CORAL SPRINGS, FL. Back in March 2026, a state inspector walked into Frida Coffee and Deli on Coral Springs and found a hot box full of empanadas that were nowhere near safe to serve. Egg empanadas measured 116°F. Spinach empanadas measured 112°F. Beef empanadas came in at 114°F, chicken at 118°F, ham and cheese at 119°F, and spinach and cheese at 116°F. State food safety standards require hot-held food to stay at or above 135°F.
Every item in that hot box was voluntarily discarded during the visit. The inspector issued a Stop Sale and Release order citing adulteration under Florida food safety statutes.
What Inspectors Found
The temperature failures were not the only concern. The inspector observed a food employee skip handwashing entirely before putting on gloves to handle food. The inspector reviewed policy with the employee on the spot, and the employee washed hands before putting on fresh gloves.
The deli was also operating without a valid food permit at the time of the inspection. An application had been submitted, according to the inspector's notes, but the permit itself was not in place.
The inspector also documented a missing splash barrier between the handwashing sink and the orange juice machine in the food service area, a restroom door with no self-closing device, wet wiping cloths left out of sanitizing solution, and soil buildup on oven handles. Three of those four basic violations were corrected during the visit. The splash barrier and the restroom door were not.
One additional finding was not corrected: the establishment had no written procedures for employees to respond to vomiting or diarrheal events. The inspector provided guidance documents during the visit, but written procedures were not in place at the time of inspection.
What These Violations Mean
The temperature readings in the hot box are the most direct public health concern from this inspection. When hot-held food drops below 135°F, bacteria that may already be present in cooked food, including Salmonella and Staphylococcus aureus, can begin to multiply. The empanadas at Frida Coffee and Deli ranged from 112°F to 119°F, a gap of 16 to 23 degrees below the legal minimum. A customer who purchased one of those items before the inspector arrived had no way of knowing the food had been sitting in an unsafe temperature range.
The handwashing violation carries a direct transmission risk. Gloves do not substitute for handwashing. Pathogens on an employee's hands transfer to the glove surface the moment the glove goes on, and from there to any food the employee touches. The inspector caught this in real time and had it corrected, but it reflects a gap in daily practice.
Operating without a valid food permit is a structural violation, not just a paperwork issue. A permit is the mechanism by which the state tracks a facility's inspection history, enforces compliance, and maintains the ability to act quickly if a foodborne illness complaint is filed. A facility without a current permit has effectively stepped outside that accountability system, even temporarily.

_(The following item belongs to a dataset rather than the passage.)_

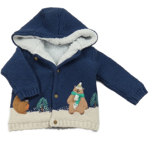 Tmavomodrý prepínaci zateplený sveter so zvieratkami a kapucňou M&S

The absence of written vomit and diarrhea cleanup procedures matters most in the context of Norovirus. Norovirus spreads easily in food service environments, and improper cleanup of a contamination event can expose other customers and employees. Written procedures ensure staff know exactly what to do, in what order, and with what products, before an incident occurs rather than during one.
The Longer Record
The March 17, 2026 inspection was triggered specifically because the deli was operating without a valid food permit. That type of inspection, designated "Operating Without a Valid Food Permit, Met Sanitation Inspection," means the facility was flagged for the permit issue and inspectors conducted a full sanitation review at the same time.
The data for this facility does not include a prior inspection count, which limits the ability to place this visit in a longer pattern. What the record does show is that none of the eight violations cited on March 17 were marked as repeats. That means inspectors did not flag any of these findings as problems they had documented at this location before.
Of the eight violations, three were corrected during the inspection itself: the handwashing lapse, the wet wiping cloths, and the soiled oven handles. The hot box empanadas were pulled under a stop sale order. That leaves the splash barrier, the restroom door, and the missing vomit cleanup procedures as items that were still unresolved when the inspector left the building.